Department of Physics and Institute of Molecular Biophysics, Florida State University, Tallahassee, FL 32306, USA.
Curr Protein Pept Sci. 2011 Sep;12(6):531-9. doi: 10.2174/138920311796957694.
Protein-DNA interactions are the physical basis of gene expression and DNA modification. Structural models that reveal these interactions are essential for their understanding. As only a limited number of structures for protein-DNA complexes have been determined by experimental methods, computation methods provide a potential way to fill the need. We have developed the DISPLAR method to predict DNA binding sites on proteins. Predicted binding sites have been used to assist the building of structural models by docking, either by guiding the docking or by selecting near-native candidates from the docked poses. Here we applied the DISPLAR method to predict the DNA binding sites for 20 DNA-binding proteins, which have had their DNA binding sites characterized by NMR chemical shift perturbation. For two of these proteins, the structures of their complexes with DNA have also been determined. With the help of the DISPLAR predictions, we built structural models for these two complexes. Evaluations of both the DNA binding sites for 20 proteins and the structural models of the two protein-DNA complexes against experimental results demonstrate the significant promise of our model-building approach.

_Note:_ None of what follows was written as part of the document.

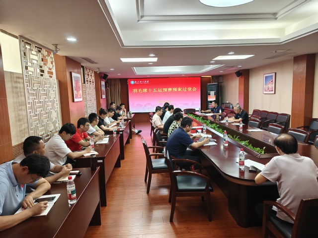 8月6日上午,学校在行政办公楼301会议室召开了羽毛球项目十五届全运会预赛预案过堂会。校党委常委、副校长刘健出席会议并讲话。训练处、校康复医院、乒羽学院负责同志,羽毛球队全体管理干部、一二线教练员、队医、体能教练等参加会议。会议由乒羽学院学院院长冀方新主持。
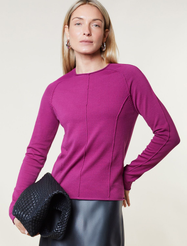 Рост 172, бюст 88, талия 64, бедра 88 Джемпер тонкой вязки выполнен из мягкой хлопковой пряжи. Модель с декоративными швами идеально сидит по фигуре подчеркиваяч изгибы тела. Подходит для любой фигуры и впишется в любой гардероб. Изделие дополнено металлическим логотипом бренда.

蛋白质与 DNA 的相互作用是基因表达和 DNA 修饰的物理基础。揭示这些相互作用的结构模型对于理解它们至关重要。由于只有有限数量的蛋白质-DNA 复合物结构通过实验方法确定,因此计算方法提供了一种潜在的方法来满足这一需求。我们开发了 DISPLAR 方法来预测蛋白质上的 DNA 结合位点。预测的结合位点已被用于通过对接来辅助构建结构模型,无论是通过引导对接还是从对接构象中选择接近天然的候选物。在这里,我们将 DISPLAR 方法应用于预测 20 个 DNA 结合蛋白的 DNA 结合位点,这些蛋白的 DNA 结合位点已通过 NMR 化学位移扰动来表征。其中两个蛋白质的 DNA 复合物结构也已确定。在 DISPLAR 预测的帮助下,我们为这两个复合物构建了结构模型。对 20 个蛋白质的 DNA 结合位点和两个蛋白质-DNA 复合物的结构模型进行评估,结果表明我们的建模方法具有很大的潜力。